In the great fiscal scheme of things, October 22, 1981 seems like only yesterday. That's the day the US public debt crossed the $1 trillion mark for the first time. It had taken the nation 74,984 days to get there (205 years). What prompts this reflection is that just a few days ago the national debt breached the $18 trillion mark; and the last trillion was added in hardly 365 days. I remember October 1981 perhaps better than most because as the nation's budget director at the time I had some splain' to do. Ronald Reagan had waged the most stridently anti-deficit campaign since 1932 when, ironically, FDR promised a balanced budget while denouncing Hoover as a “spendthrift”. Likewise, Gov. Reagan had denounced Jimmy Carter's red ink and promised a balanced budget by 1983.
But as 1981 unfolded and the US treasury borrowed large sums each day to fund what we were pleased to call Jimmy Carter's “inherited deficits”, the trillion dollar national debt threshold rushed upon us. And, in truth it came far more rapidly than had been anticipated because by the fall of 1981, the Reagan white house had enacted the largest tax reduction in American history. On top of that, it had also green-lighted a huge defense build-up, yet, as we liked to rationalize at the time, had made little more than a “down payment” on sweeping reforms of domestic spending and entitlements.

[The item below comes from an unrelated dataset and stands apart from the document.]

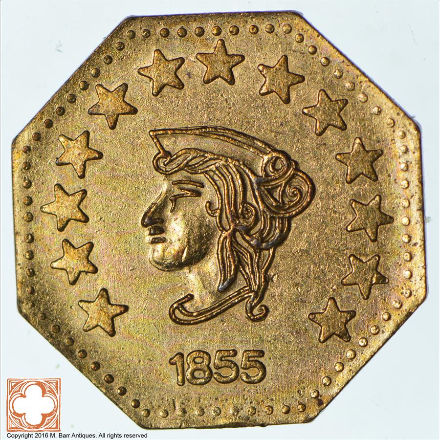 Souvenir Tribute Token - Octagonal - California Gold Rush - 1855 Liberty Head

The latter were supposed to happen in subsequent years and had been designated by a placeholder in the out-year budgets infamously labeled the “magic asterisk”. In fact, there was nothing magic or devious about it. Washington well recognized that it represented large and painful reforms of social security and other middle class entitlements that were to happen in 1982 and beyond.
Needless to say, we never got there. What happened, instead, is that the GOP embraced a revisionist fiscal policy, which at first was called “grow your way out”; and, eventually, was articulated by the nefarious Dick Cheney, as simply “deficits don't matter”.

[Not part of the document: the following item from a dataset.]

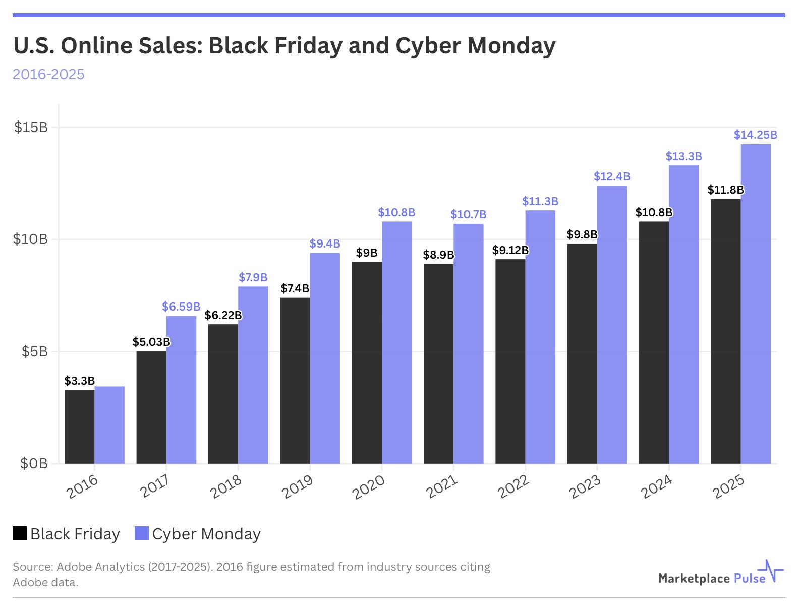 In 2025, Cyber Monday reached $14.25B and Black Friday $11.8B, both growing year over year despite tariffs pushing US customs revenue close to $120B.

Additionally, a new regime came to the Fed in August 1987 when lapsed gold bug, Alan Greenspan, discovered that he could run the Fed' printing press with gusto, yet falsely claim credit for the disinflation of the 1990s. In fact, the tens of million of Chinese peasants streaming from the rice paddies into Mr. Deng export factories inaugurated two decades of goods and labor deflation on a worldwide basis, allowing the Fed to monetize a growing portion of the ballooning national debt with seeming impunity.
Yet none of that was anticipated in October 1981. Most of Washington was still in thrall to the old-time religion, fearing the untoward effects of chronic budget deficits and unbridled rise of the national debt. That is, that massive treasury borrowing would “crowd” out private investment and eventually grind economic growth to a halt.
Even the Gipper, ever the optimist, did not want to trifle with this core precept of fiscal rectitude. With no inconsiderable reluctance, therefore, he embraced legislation to vault the national debt over the $1 trillion mark, while at the same time chiseling back his cherished tax cuts and defense build-up.
Back then, there was really no choice. You couldn't have found a single dyed-in-the wool Keynesian or even Marxist economist who would have embraced the path of massive, permanent government borrowing and debt monetization by the central bank which actually ensued.
So Washington stumbled forward at the $1 trillion mark. By October 1981, with the US economy sliding back into a double-dip recession, the fiscal math of Reaganomics was already beginning to burst at all the budgetary seams. The “Reagan tax cut” had triggered a monumental bidding war on Capitol Hill among special interest lobbies, and had ended up reducing the permanent out-year revenue base by about 6.2% of GDP—-compared to the original pure supply side rate cut of less than 3% of GDP.